- [WHAT IS REQUIRED]
The answer is the data repeated in full, with no pictures included.

- [SUPPLIED DATA]
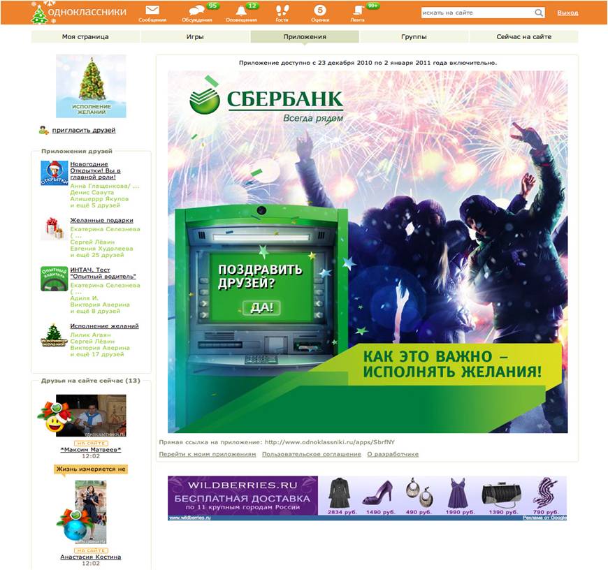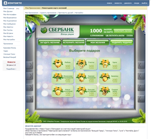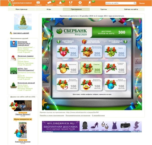 Сбербанк решил ставить рекорды через социальные сетиБанк продолжает активно использовать социальные медиа в своей рекламной кампанииАкция с новогодним виртуальным подарком-свечкой, проведенная в "Одноклассниках" в 2009 году, стала самой масштабной промокампанией за всю историю Рунета. Своей новогодней кампанией, проведенной в декабре 2010 - январе 2011, Сбербанк подтвердил рекорды массовости сразу в двух социальных сетях - "В Контакте" и "Одноклассники". Для достижения поставленных целей в рамках новогодней коммуникационной идеи "Как это важно - исполнять желания" и "Нам важно, что вам важно" было разработано приложение "Новогодняя карта желаний", позволяющее пользователям дарить друг другу виртуальные подарки, загадывать желания, исполнять желания друзей и получать за это полезные бонусы. Приложение было представлено в двух версиях - для В Контакте и для Одноклассников, которые существенно отличались друг от друга - как креативом, так и механикой. Так, в рамках акции "Новогодняя карта желаний" пользователям Odnoklassniki.ru предлагалось зайти в развлекательное приложение и отправить виртуальные подарки своим друзьям. Кампания сама по себе стала подарком для пользователей, так как существующий на Одноклассниках сервис подарков - платный, а в приложении Сбербанка все подарки были бесплатными.
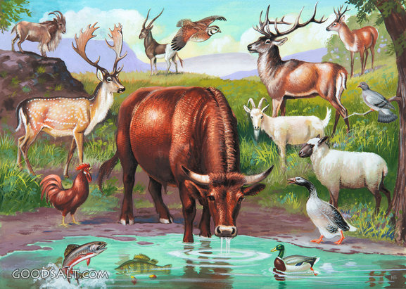 Clean Animals Safe to Eat Leviticus 11 pond, deer, cow, chicken, goat, salmon, duck, goose, sheep, clean, unclean, fish, trout, meadow, animals, creatures, rhpas0980 PROJECTION - License for PowerPoint™ PRINT – buy a print of this picture; optional frame Bible Hub |
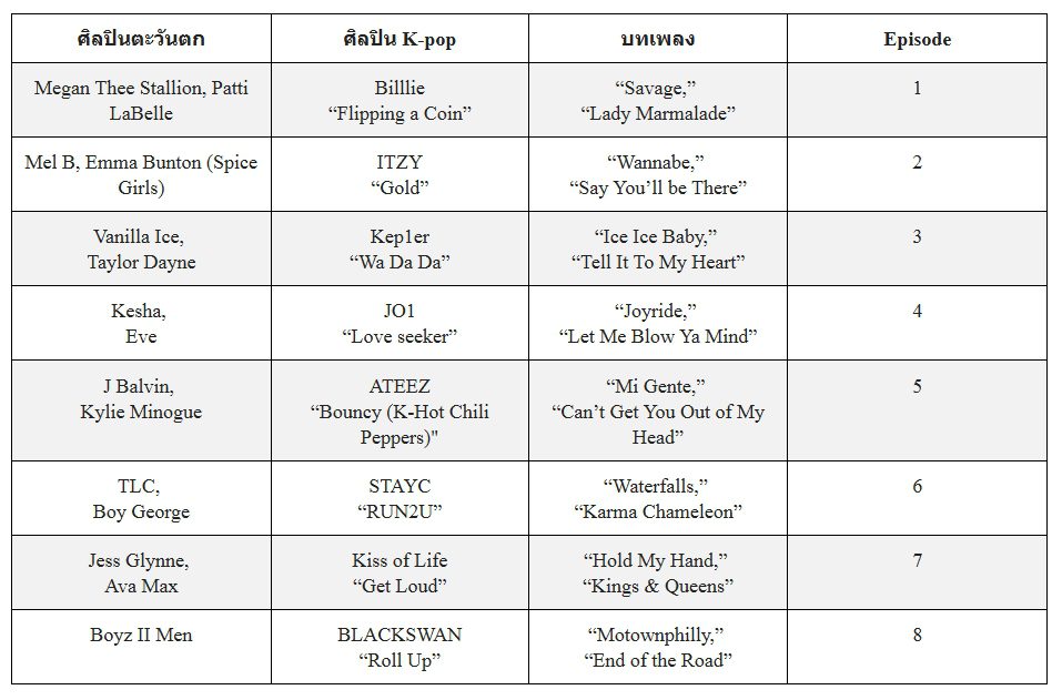 คอนเซ็ปต์รายการ: K-pop รีมิกซ์เพลงฮิตฝั่งตะวันตก
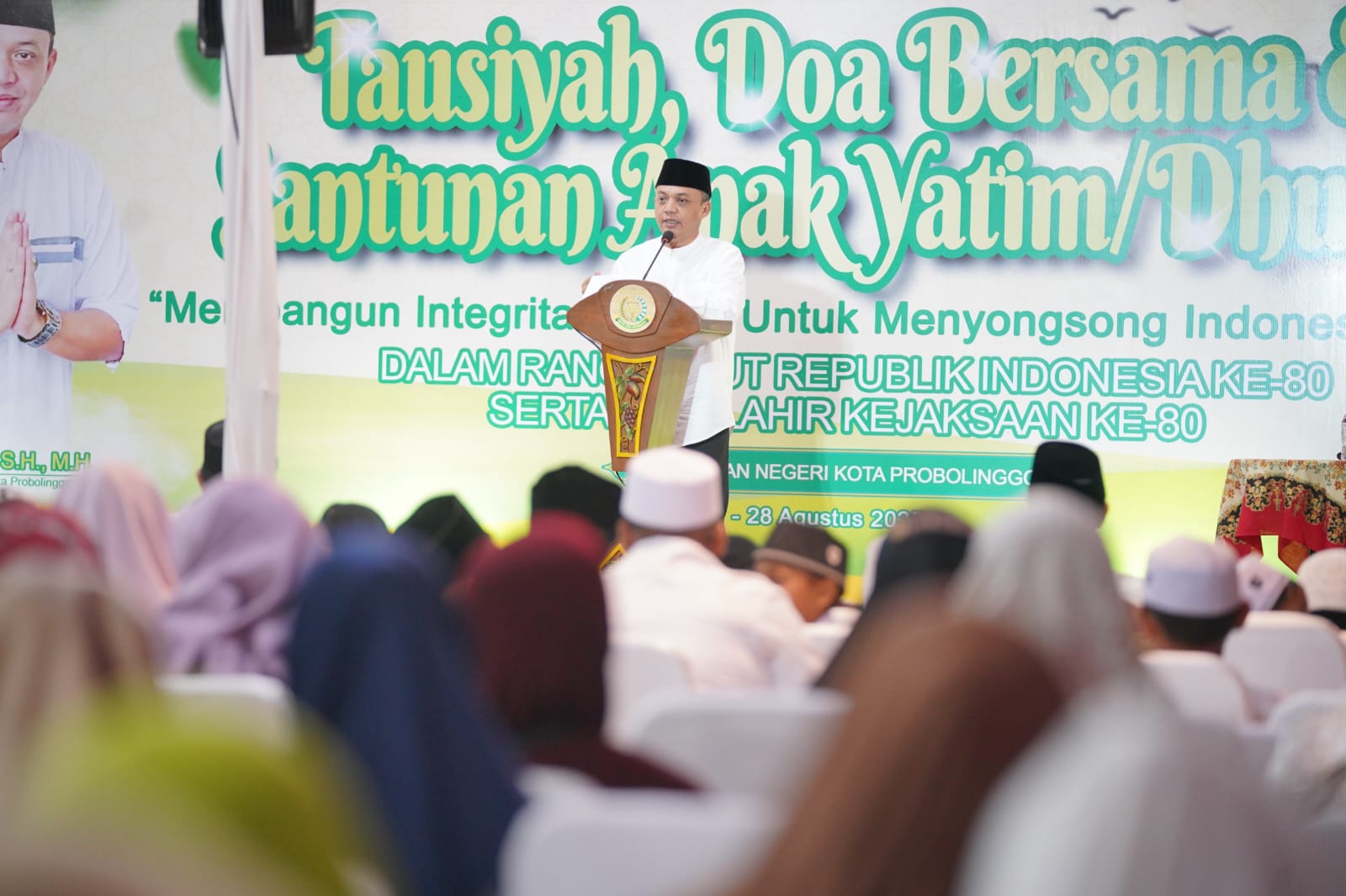 KANIGARAN – Suasana hangat mewarnai acara tausiyah, doa bersama, dan santunan anak yatim yang digelar Kejaksaan Negeri (Kejari) Kota Probolinggo dalam rangka memperingati HUT ke-80 Kemerdekaan RI dan Hari Lahir Adhyaksa ke-80, Kamis (28/8) malam. Mengusung tema “Membangun Integritas Jaksa untuk Menyongsong Indonesia Emas”, kegiatan ini tidak hanya menjadi momen spiritual, tetapi juga wujud kepedulian sosial insan Adhyaksa.

- [REPLY TO THE TASK]
 Сбербанк решил ставить рекорды через социальные сетиБанк продолжает активно использовать социальные медиа в своей рекламной кампанииАкция с новогодним виртуальным подарком-свечкой, проведенная в "Одноклассниках" в 2009 году, стала самой масштабной промокампанией за всю историю Рунета. Своей новогодней кампанией, проведенной в декабре 2010 - январе 2011, Сбербанк подтвердил рекорды массовости сразу в двух социальных сетях - "В Контакте" и "Одноклассники". Для достижения поставленных целей в рамках новогодней коммуникационной идеи "Как это важно - исполнять желания" и "Нам важно, что вам важно" было разработано приложение "Новогодняя карта желаний", позволяющее пользователям дарить друг другу виртуальные подарки, загадывать желания, исполнять желания друзей и получать за это полезные бонусы. Приложение было представлено в двух версиях - для В Контакте и для Одноклассников, которые существенно отличались друг от друга - как креативом, так и механикой. Так, в рамках акции "Новогодняя карта желаний" пользователям Odnoklassniki.ru предлагалось зайти в развлекательное приложение и отправить виртуальные подарки своим друзьям. Кампания сама по себе стала подарком для пользователей, так как существующий на Одноклассниках сервис подарков - платный, а в приложении Сбербанка все подарки были бесплатными.
 Clean Animals Safe to Eat Leviticus 11 pond, deer, cow, chicken, goat, salmon, duck, goose, sheep, clean, unclean, fish, trout, meadow, animals, creatures, rhpas0980 PROJECTION - License for PowerPoint™ PRINT – buy a print of this picture; optional frame Bible Hub |
 คอนเซ็ปต์รายการ: K-pop รีมิกซ์เพลงฮิตฝั่งตะวันตก
 KANIGARAN – Suasana hangat mewarnai acara tausiyah, doa bersama, dan santunan anak yatim yang digelar Kejaksaan Negeri (Kejari) Kota Probolinggo dalam rangka memperingati HUT ke-80 Kemerdekaan RI dan Hari Lahir Adhyaksa ke-80, Kamis (28/8) malam. Mengusung tema “Membangun Integritas Jaksa untuk Menyongsong Indonesia Emas”, kegiatan ini tidak hanya menjadi momen spiritual, tetapi juga wujud kepedulian sosial insan Adhyaksa.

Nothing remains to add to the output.